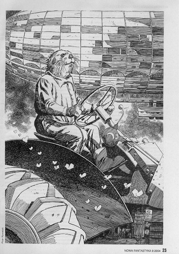 И это четырнадцатая публикация художественных произведений писателя в нашем журнале (предыдущие см. “Fantastyka” №№ 4/1983 и 11/1984; ”Nowa Fantastyka” № № 7/1996; 2/1997, 10/1997, 11/1997; 2/1998; 6/1998; 4/1999, 9-10/1999; 4/2000; 8/2001; 1/2002). В журнале (“Nowa Fantastyka”, 2/1997) печаталось также интересное интервью, заочно взятое у писателя ТАДЕУШЕМ ЛИТВИНЬСКИМ, одним из основных переводчиков его произведений на польский язык.
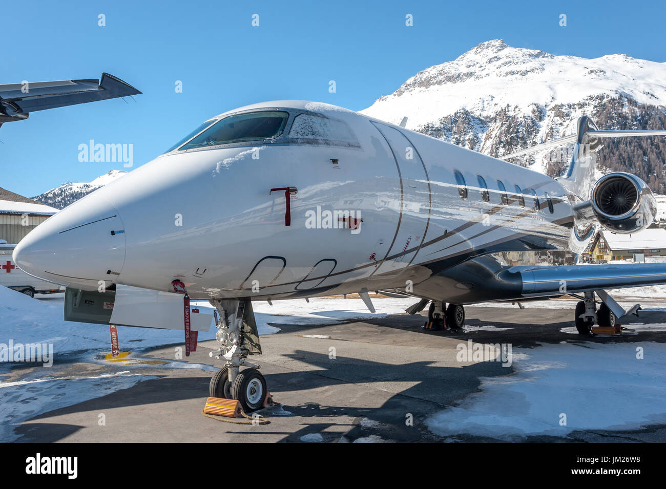 Bizjet Challenger 350 Parked At Samedan Engadin Airport Covered By Stock Photo Alamy
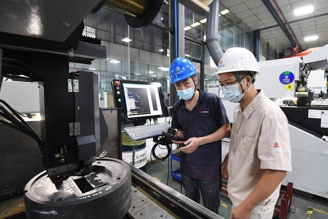 除了货物发送忙,厂区生产线也干得热火朝天。模具生产车间主任程泽铖在轰鸣的机器声中来回穿梭在各个工位,协调人员力量分配,检查操作标准和产品质量。“我们车间主要任务是生产铝型材挤压模具,是整个产线中非常重要的环节。如果滞后会影响生产进程,大家一点也不敢马虎。”
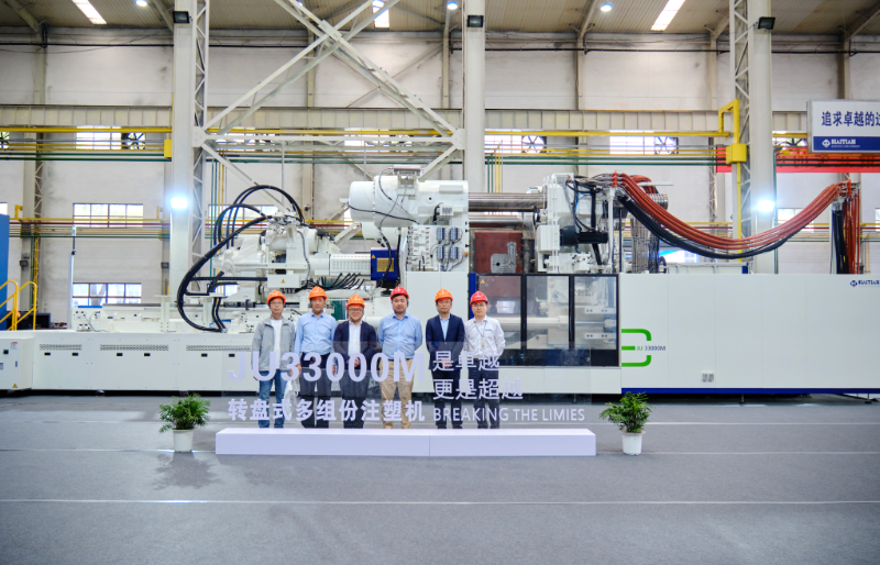 5月9日,JU33000M转盘式多组份注塑机交付仪式顺利举行。此次交付的海天JU系列注塑机锁模力达3300吨,转盘最大容模直径达3.1米,转盘最大承重达28吨,刷新全球转盘式多组份注塑机记录,标志着海天转盘式多组份注塑机的研发制造能力再上新台阶,具有里程碑意义。
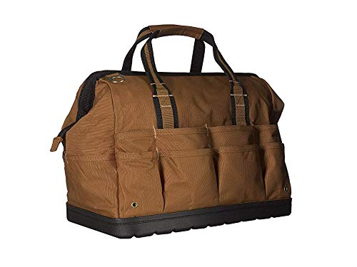 Details: Complete your list of repairs with this Carhartt® 18" Legacy Tool Bag w/ Molded Base. Sturdy synthetic fabrication with Rain Defender® durable water repellent (DWR) for keeping your gear dry in light rain. Triple needle-stitch construction. Adjustable and removable strap. Rugged haul handles. Large, zippered main compartment. Twenty-eight exterior pockets and loops. Sixteen interior pockets. Internal metal frame allows for easy access and prevents the bag from collapsing on itself. Molded, load-bearing, abrasion-resistant base. Imported. Measurements: Bottom Width: 18 in Depth: 11 in Height: 14 3⁄4 in Strap Length: 51 3⁄4 in Strap Drop: 25 1⁄2 in Handle Length: 17 1⁄2 in Handle Drop: 3 1⁄2 in Weight: 5 lbs 10 oz
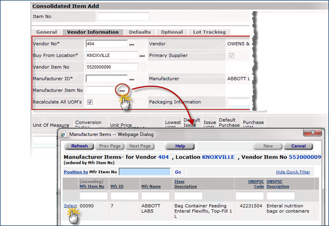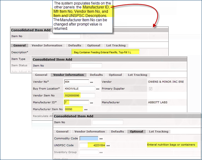 When adding an item to the Item Catalog, you can now use the PIL to find and select the item. On the Consolidated Item Add panel's Vendor Information tab, the Manufacturer Item No (MIN) field lets you select an item from the Product Index Layer. When you select the manufacturer item, the system populates several fields on other panels with PIL data for the item.
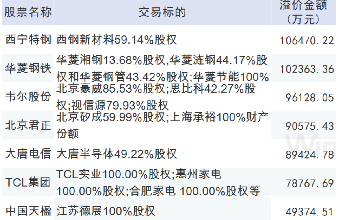 2019年高溢價(jià)并購(gòu)重點(diǎn)標(biāo)的:
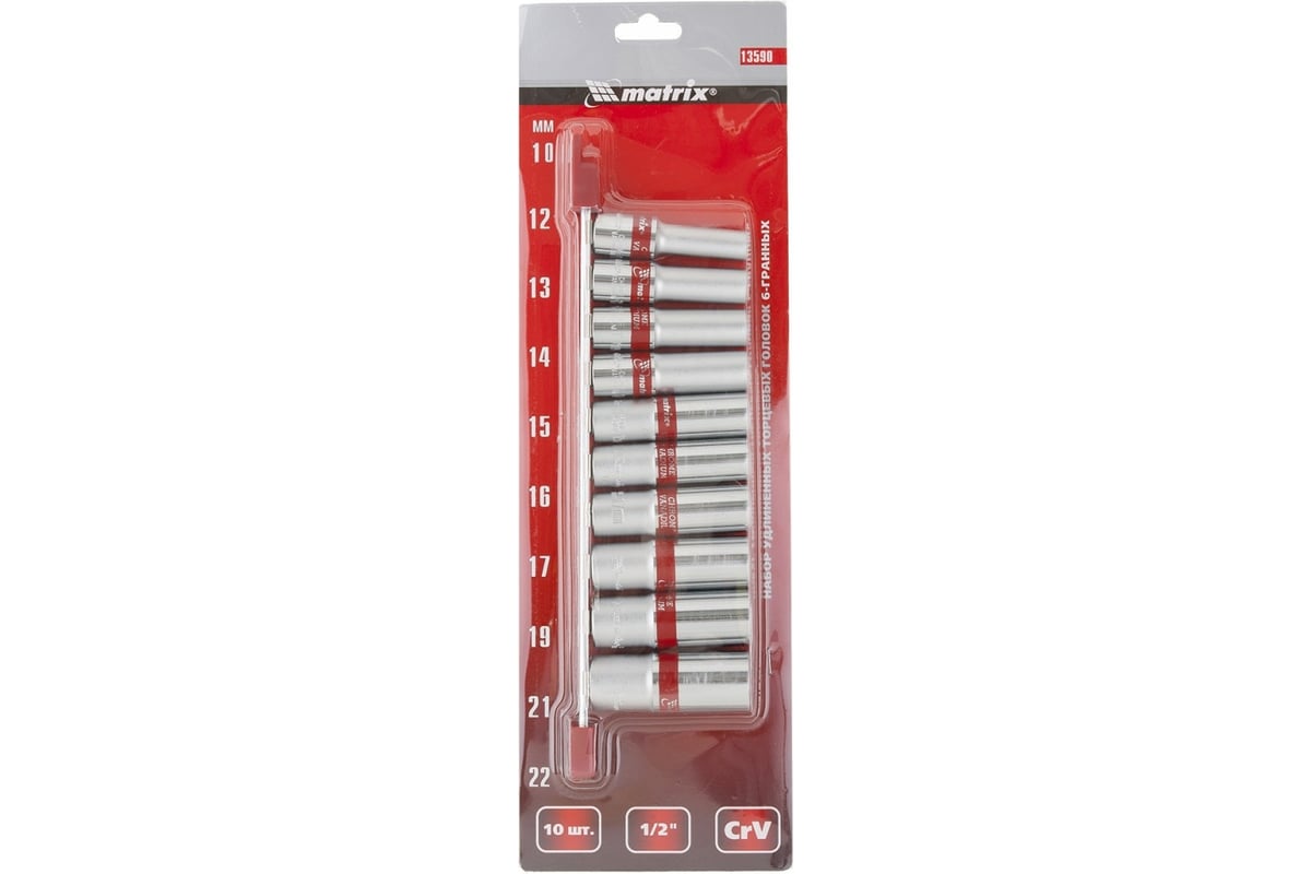 НАБОР головок торцевых 1/2" (10-22 мм) удлиненных (10 шт.) MATRIX
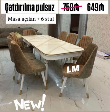 EndirimsizYemək otağı dəsti – açılan masa + 6 stul
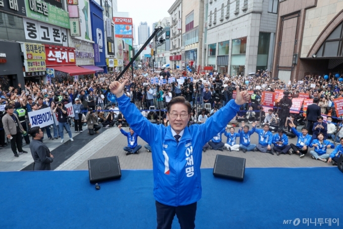 (대구=뉴스1) 안은나 기자 = 이재명 더불어민주당 대통령 후보가 대표적 험지인 대구·경북(TK) 지역 유세에 돌입한 13일 오후 대구 중구 동성로에서 연설을 마친 뒤 두손을 번쩍 들고 있다. 2025.5.13/뉴스1 Copyright (C) 뉴스1. All rights reserved. 무단 전재 및 재배포, AI학습 이용 금지. /사진=(대구=뉴스1) 안은나 기자 |
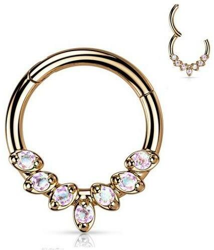 Szárvastagság: 1,2 mm. Szín: AranyÁtmérő: 8 mm. A kő színe: ÁtlátszóEz az izléses orvosi acél karika bárkinek tökéletesen kiegésziti a megjelenését. Az ékszert cirkónia köves levelek diszitik. A csillogó kövek előre néznek, emiatt septum, daith vagy tragus piercingekhez ideális választás az ékszer. Mindenképp vedd figyelembe a karika méretét, amikor a hordását tervezed. A szár 1.2 mm vastag, ami a sztenderd méret arcon hordott piercingeknél, az átmérő pedig 8 mm. A karika egy csuklós zárómechanizmussal lett ellátva, ami nagyban megkönnyiti az ékszer cseréjét; fontos szempont, ha szereted gyakran váltogatni! A csuklós résznél szét kell húzni, hogy kinyiljon, majd behelyetés után kattanásig kell összenyomni.
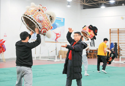 Cui Bingzhen (second left) instructs a foreign student to learn lion dance skills. (Photo/Yu Hong)
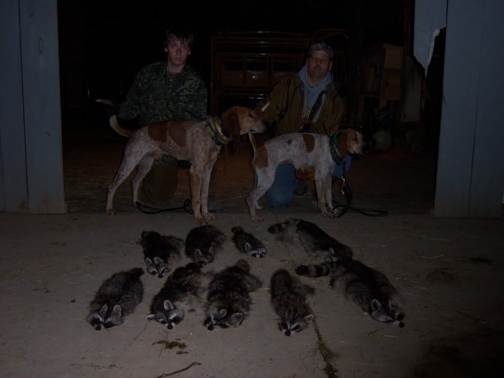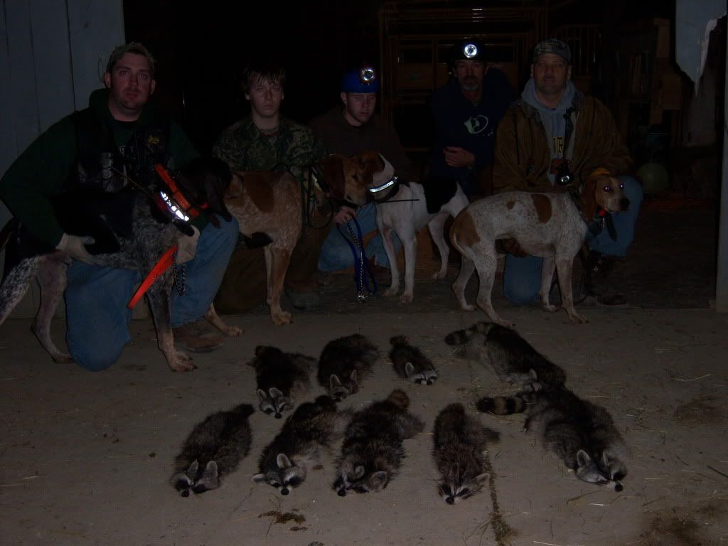 We took a Trip to Eastern Ohio this past weekend and a real good time. We Hunted 12 hours total between Friday and Saturday nights had a total of 13 trees killed 9 coons, 2 slick trees, and 2 den trees. All of the dogs did really good and made everybody proud that hunted with us. We stayed with some really nice people that treated us great and couldnt ask for any better people to meet.
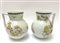 Coppia di versatoi in ceramica, corpo globulare decorato sul fondo bianco da mazzi
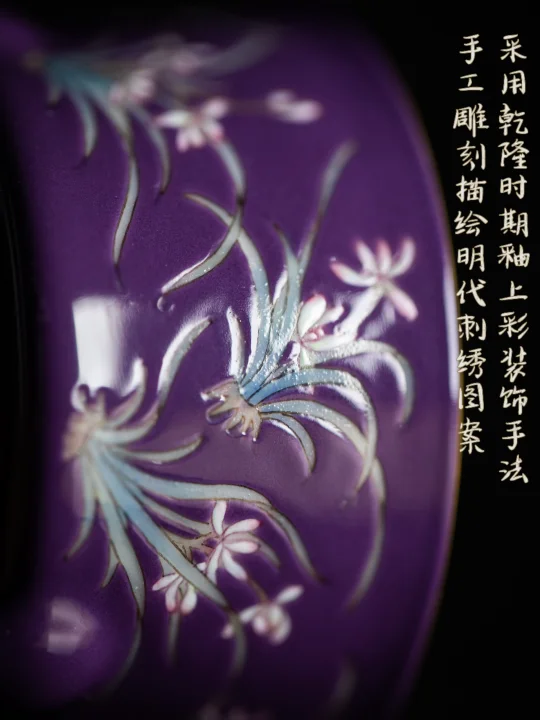 紫地为底,兰姿清逸,纹样取自明代刺绣衣饰,釉上彩绘复刻乾隆华彩,让古代服饰美学与贵气紫釉在炉上重生。
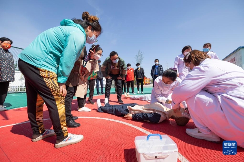 5月7日,在河北省唐山市豐南區(qū)岔河鎮(zhèn),醫(yī)務(wù)人員向村民講解心肺復(fù)蘇急救知識。
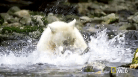 Kermode bears are known for their creamy white fur, but they are not albinos. Rather, they are the result of a double recessive gene that is found only in their subspecies. Like other bears, Kermode bears enjoy hunting for salmon in streams, and their fur actually gives them a distinct advantage. The whiteness is less visible to the swimming fish, allowing them to be, on average, 30 percent more effective hunters than their darker-furred counterparts.

Exercise: Would you give again, exactly, the lines in the data above that run from the line containing "Szárvastagság: 1,2 mm." to the line containing "Cui Bingzhen (second"? Include both ends and no pictures.

Task answer:
 Szárvastagság: 1,2 mm. Szín: AranyÁtmérő: 8 mm. A kő színe: ÁtlátszóEz az izléses orvosi acél karika bárkinek tökéletesen kiegésziti a megjelenését. Az ékszert cirkónia köves levelek diszitik. A csillogó kövek előre néznek, emiatt septum, daith vagy tragus piercingekhez ideális választás az ékszer. Mindenképp vedd figyelembe a karika méretét, amikor a hordását tervezed. A szár 1.2 mm vastag, ami a sztenderd méret arcon hordott piercingeknél, az átmérő pedig 8 mm. A karika egy csuklós zárómechanizmussal lett ellátva, ami nagyban megkönnyiti az ékszer cseréjét; fontos szempont, ha szereted gyakran váltogatni! A csuklós résznél szét kell húzni, hogy kinyiljon, majd behelyetés után kattanásig kell összenyomni.
 Cui Bingzhen (second left) instructs a foreign student to learn lion dance skills. (Photo/Yu Hong)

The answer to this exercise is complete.